Azuldir iki kolunu tekrar indirip olağan duruşuna geçmesinin ardından hafifçe soluklanıyor. Bakışlarını ilk önce sana ve ardından tekrar iblislere çeviren Azuldir “Bu oyunda iki takım olacağız. Ben ve Diniel, size karşı oynayacağız. Oyunumuzun amacı şu: En çabuk gerçeğe ulaşan kazanır! Biz Agthar’ı merak ediyoruz ve siz de bizi. Eğer biz Agthar’ı öğrenirsek, kazanırız! Ama siz bizim kim olduğumuzu çözerseniz, biz kaybederiz!” diyor. Bu sözlerinden sonra sağ elini çenesine götüren Azuldir’in işaret parmağıyla birkaç kez çenesine vururken, yüzü de düşünceli bir hal alıyor ve “Bir de ödülümüz olmalı, öyle değil mi?” diyor. İblisler, Azuldir’in konuşmalarından sonra temkinli süzülüşlerine tekrar başlamışken, Azuldir bir anda elini aşağıya indirip “Buldum! Eğer biz kazanırsak, Diniel dostumuz sizi bir torbaya koyup insan boyutuna kaçırır ve sonsuza dek ona ait olarak bir evin içerisinde tıkılı kalırsınız!” diyor. Bu sözlerinden sonra Azuldir “Ama eğer siz kazanırsanız, Diniel dostunuz sonsuza kadar sizin yanınızda kalır ve onunla her istediğiniz oyunu oynarsınız!” diyor. Dile getirdiğin bu fikrinin ardından anlık bir şekilde bakışlarını sana çeviren Azuldir “Evet, Diniel dostumuz onayladı! Siz ne diyorsunuz?” diyerek tekrar iblislere dönüyor.

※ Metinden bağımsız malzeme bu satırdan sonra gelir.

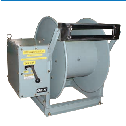
特殊リール/クラッチ機構付電動式ホースリール
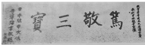
圖 8 芳澤謙吉贈匾 79
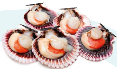
ZAMBURIÑA 20/30 PESCATRADE – 10X1KG.
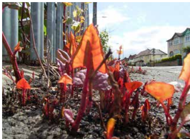
Japanse duizendknoop groeiend door asfalt.

Voor nadere informatie over de verspreiding van exoten, kaarten, foto's, samenvattingen en wetenschappelijke publicaties zie: http://www.cabi.org/isc Verdere informatie over het werk aan biologische bestrijding van Japanse duizendknoop in het Verenigd Koninkrijk kan gevonden worden op: http://www.cabi.org/japaneseknotweedalliance/ .
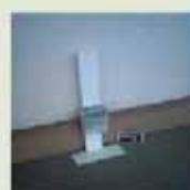
電源不要マイルストーン

Üç iblis Azuldir’in sözleriyle yüzlerine yerleşen o kasvetli havadan kurtulmuşken kendi aralarında konuşmak ister gibi dairesel bir düzene geçiyorlar. Bu fırsattan istifade eden Azuldir ise sana yaklaşıp kulağına “Çok sağol, sözlerin olmasaydı bu olaya girişemezdim!” diye fısıldıyor. Ne var ki, henüz daha Azuldir’e bir cevap veremeden Azuldir bir anda iblislere doğru “Tik ve tak! Süre doldu!” diye bağırıyor. İblisler bir anda aldıkları habere sinirlenmiş gibi dursalar bile Azuldir omuzlarını silkmesinin ardından “Bu konuda bir kural koymadık ama! Ve sonsuza kadar da bekleyemeyiz! Görmüyor musunuz, burada biraz sabırsızlanıyoruz!” diyerek kendini aklamaya çalışıyor. Üç iblis ise bu sözlerden sonra bu ana kadarki konuşma sıralarını koruyarak “Biz..”, “…kabul…”, “…ediyoruz.” diyorlar.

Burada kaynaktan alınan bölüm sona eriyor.